彼女を担いで歩き出してから5分ほど経っただろう。未だ追手の姿は確認されず、このまま順調に宿屋に辿り着けるというところ。


 しかしそんなことよりも気になる事がある。


 ……はて?全くもって不可思議だ。

俺はなぜ見ず知らずの女性を宿屋まで運ぼうとしているのか。


 別に人助けは嫌いでは無い。ただなぜこんな状況に巻き込まれてしまったのか、ちょっと前の自分を問い詰めたい。

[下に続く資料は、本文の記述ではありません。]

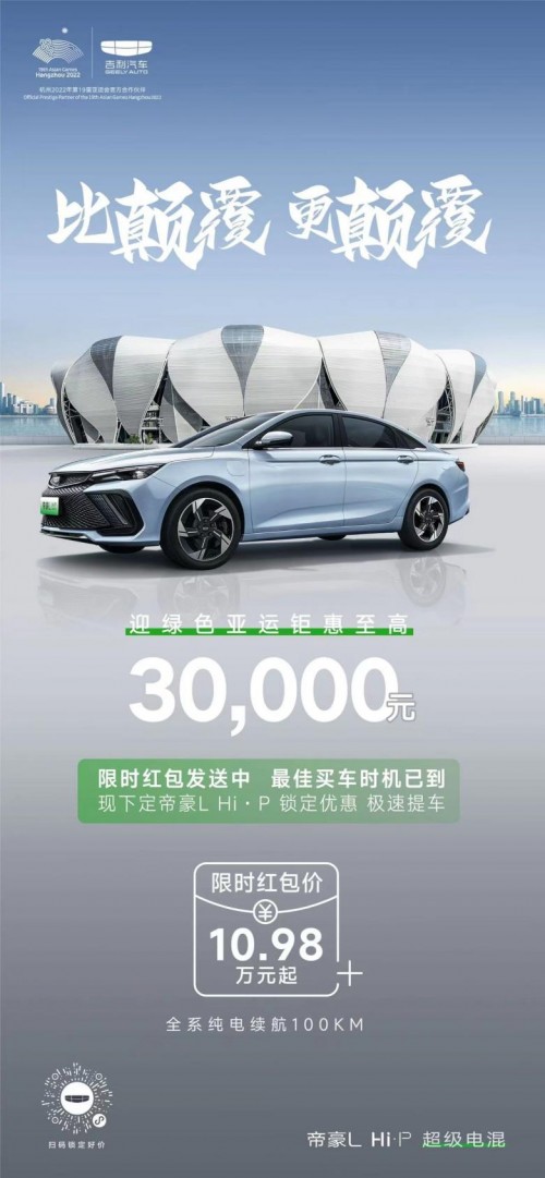 而消费者买车要擦亮眼睛、躲开套路的重点在于,你不是去看车企报价的金额,而是要去算你真正要出资的金额。比如帝豪L Hi·P,在车企都在让利消费者的大环境下,吉利也拿出了巨大的诚意,推出了迎绿色亚运钜惠至高30000元的限时优惠,这是真金白银的现金红包,满打满算购买一辆帝豪L Hi·P也就10万出头,顶配价也不到13万。这样一比,两款车谁更划算,明眼人一看就懂。

 元々エイラとリザと俺の3人で、この街を探検する予定だったはずだ。それがなぜかよく分からない殺伐とした現場に巻き込まれて、よく分からない女性を助けて、よく分からない宿屋に向かっている。


 一体どういう事なのかさっぱり分からない。少し前の俺は何を考えていたのだろうか。


 ちょっと思い返すことにしよう。


 まず俺たち3人は大通りを歩いていた。

ここは普通だ、何もおかしいところはない。

そしてこれからどこかへ行くという場面だったはずだ。


 そしたらエイラとリザがはしゃぐように先に行ってしまった。流石にこの都市ではぐれたらまずいと思いつつ、俺はなぜか二人を追いかけずに小道に入ってしまった。


 ……ここからもうおかしい。


 それで裏通りをどんどんと進んでいった結果、あの殺し合いの現場を見てしまい、俺は巻き込まれてしまった。というところだろうか。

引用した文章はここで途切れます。